Die Kante und das Kind
Шрифт:
Чуть-чуть старшая продолжала выпускать дым. Зная его интонацию, она терпеливо слушала. Его манера повествования с периодическими паузами, были бальзамом после просмотра новостей… «…хоть что-то хорошее,
– Я недавно посещал мамину сестру, Зузанне Окерфельдт. Мне не понравилась её реакция на расспросы о том дне, когда папа погиб в аварии… – он немного приподнялся в кровати, стараясь не перевернуть пепельницу, – Я думаю, она что-то скрывает. – закончил он.
– Хочешь поговорить с моей мамой? – спросила она, туша окурок.
– Я почти уверен, что моя мама что-то ей рассказала… мне нужно знать, что.
– А какой у тебя собственно вопрос? – продолжала спрашивать она, ставя пепельницу на тумбочку
– Почему мама повесилась. – сухо ответил он.
Она встала с кровати и вытянулась, ощущая на коже холодный, солнечный свет.
– Неужели это так волнует тебя?.. – отстранённо спросила девочка.

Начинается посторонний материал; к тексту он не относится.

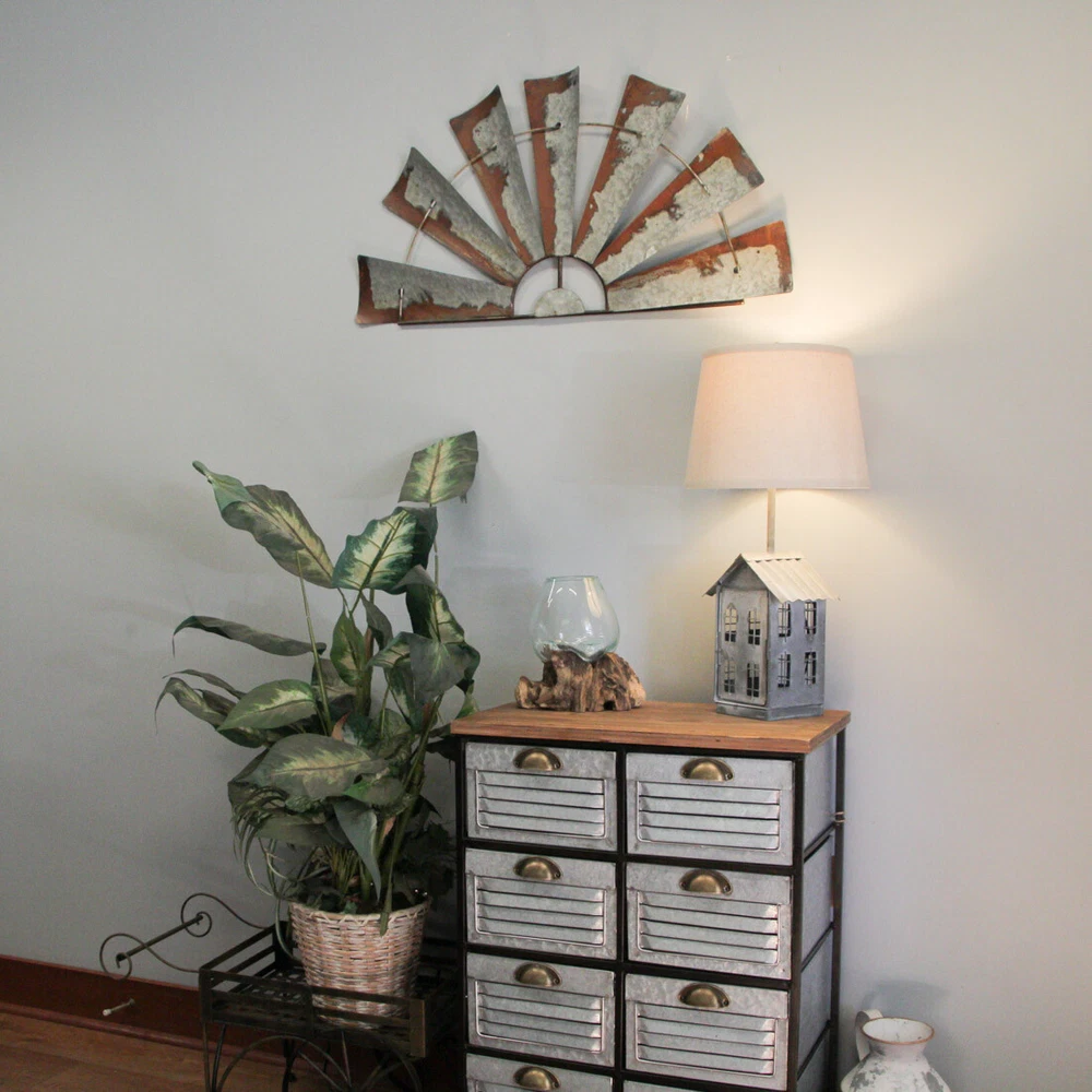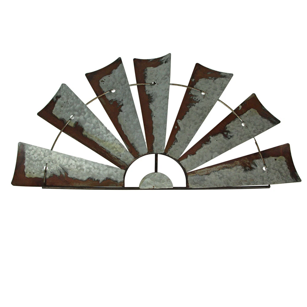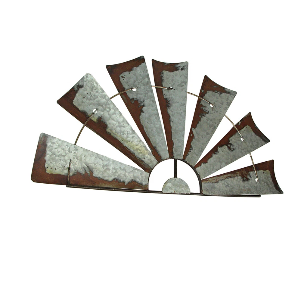 Overall Size - Embracing dimensions of 36 inches in length, 0.25 inches in width, and 17.25 inches in height, this windmill wall sculpture boasts an impressive presence, adding depth and character to your space. Creative Design - Meticulously crafted from galvanized metal, this artwork features a distinctive and stylish half-windmill design. Its unique structure showcases the creativity and craftsmanship that adorn your walls. Rustic Decoration - Sporting a distressed silver/grey vintage finish, complemented by faux rust accents, this wall piece exudes rustic charm. The simple metal wire frame adds to its authenticity, enhancing the weathered aesthetic. Our eBay Store About Us Add to Favorite Sellers Galvanized Grey Metal Half-Windmill Wall Sculpture - Large 36-Inch Rustic Art Piece - Easy Installation - Perfect for Country Farmhouse Themed Decor Overall Size - Embracing dimensions of 36 inches in length, 0.25 inches in width, and 17.25 inches in height, this windmill wall sculpture boasts an impressive presence, adding depth and character to your space. Creative Design - Meticulously crafted from galvanized metal, this artwork features a distinctive and stylish half-windmill design. Its unique structure showcases the creativity and craftsmanship that adorn your walls. Rustic Decoration - Sporting a distressed silver/grey vintage finish, complemented by faux rust accents, this wall piece exudes rustic charm. The simple metal wire frame adds to its authenticity, enhancing the weathered aesthetic. Western Decor - Perfectly suited for Western-inspired themes, this sculpture makes a striking statement. Ideal for adorning spaces above the mantel, window, door, or artwork, it effortlessly captures the essence of rustic elegance. Home Style - Tailored for rustic, country, or farmhouse-inspired interiors, this windmill sculpture finds its home in your living room, kitchen, or bedroom. Its timeless appeal seamlessly blends with your decor, enhancing the ambiance of your space. Transform your living space with the timeless elegance of this farmhouse-inspired rustic wall art piece, reminiscent of classic farm landmarks. Crafted with care, this 36-inch long, 17.25-inch high decorative windmill sculpture is the epitome of rustic charm. Its galvanized metal construction boasts a distressed silver finish, accentuated by faux rust detailing along the edges, creating a weathered vintage appearance that exudes character. Whether it graces your mantel, hangs above a door, window, or artwork, this piece becomes an eye-catching focal point, elevating your home decor to new heights. The intricate design captures the essence of a bygone era, evoking the charm of rural life. Its versatility allows for creative styling embellish it with delicate string lights and vibrant greenery for a touch of enchantment, or let it stand alone as a statement piece. This decorative windmill invites you to infuse your personal style, transforming any room into a haven of warmth and sophistication. Its small circle design, reminiscent of traditional farm windmills, adds a touch of nostalgia to your space. Whether your decor leans towards rustic, vintage, or modern farmhouse aesthetics, this windmill sculpture effortlessly complements any style, enhancing the ambiance of your home with its captivating allure. Embrace the rustic sophistication of this piece, and let it become a cherished addition to your home, reflecting your unique style and taste. Product Details Color Silver Height 18 Length 36 Weight 2.55 LB

Он посмотрел на неё так, будто услышал что-то несуразное. Затем, снова уставился на шкаф напротив кровати и выдохнул:
– Если бы этим всё ограничилось…
Она подняла бровь. Увидев это, он тут же захотел обнять её.
– Четыре дня назад, я видел маму около университета. – произнёс он мёртвым голосом.
На последнем слове, голос младшего слабо дрогнул. Старшая заметила это и вместе с крайней степенью недоумения, почувствовала к нему жалость. Она тут же забралась на кровать и обняла его. Пусть внешне он не проявлял никаких признаков эмоциональной нестабильности, лицо его подрагивало.
Она поцеловала его и примерно на полуминуты, они застыли в этом положении. Когда на кухне послышались ноты «Oh No» от BMTH, она медленно отпрянула и произнесла с сочувствием и любопытством в глазах:
– Расскажи мне всё сначала.
12
Лежание на кровати под объятиями друг друга затянулось. Это было непохоже ни на него, ни на неё, но потребность в прикосновениях, поцелуях и взглядах, была невообразимой. Они оба понимали, что это связано с их травмами, которые среди прочего и объединяли их, пробуждая внутри призрачное ощущение родства…
Он стоял в одних трусах, – уткнувшись задницей в столешницу, справа от которой, в стол была вмонтирована духовка, – и неторопливо осушал кружку крепкого кофе, без сахара и молока.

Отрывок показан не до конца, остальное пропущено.